Understanding Human Limits in Pattern Recognition: A Computational Model of Sequential Reasoning in Rock, Paper, Scissors

How do we predict others from patterns in their behavior and what are the computational constraints that limit this ability? We investigate these questions by modeling human behavior over repeated games of rock, paper, scissors from Brockbank & Vul (2024). Against algorithmic opponents that varied in strategic sophistication, people readily exploit simple transition patterns (e.g., consistently playing rock after paper) but struggle to detect more complex sequential dependencies. To understand the cognitive mechanisms underlying these abilities and their limitations, we deploy Hypothetical Minds (HM), a large language model-based agent that generates and tests hypotheses about opponent strategies, as a cognitive model of this behavior (Cross et al., 2024). We show that when applied to the same experimental conditions, HM closely mirrors human performance patterns, succeeding and failing in similar ways.

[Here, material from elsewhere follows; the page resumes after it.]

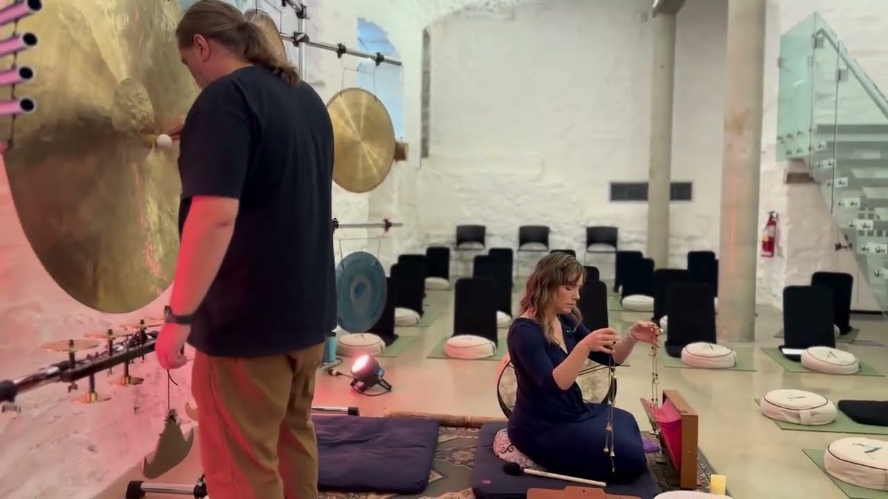 Médita-son, un projet créé par Frédérick Noiseux et Viviane Desbiens, vous propose un concert méditatif durant lequel les multiples sonorités à la fois puissantes et subtiles des gongs vous surprendront dans les voûtes du Monastère datant de 1695. Les ondes sonores émises par ces instruments impressionnants induisent d’abord un rythme cérébral alpha: un état de créativité et de relaxation. Puis, les sons progressent pour conduire le cerveau vers les ondes thêta, associées à la méditation profonde.

To better understand the source of HM's failures and whether people might face similar cognitive bottlenecks in this context, we performed a series of ablations and augmentations targeting different components of the system. When provided with natural language descriptions of the opponents' strategies, HM successfully exploited 6/7 bot opponents with win rates >80% suggesting that accurate hypothesis generation is the primary cognitive bottleneck in this task. Further, by systematically manipulating the model's hypotheses through pedagogically-inspired interventions, we find that the model substantially updates its causal understanding of opponent behavior, revealing how model-based analyses can produce testable hypotheses about human cognition.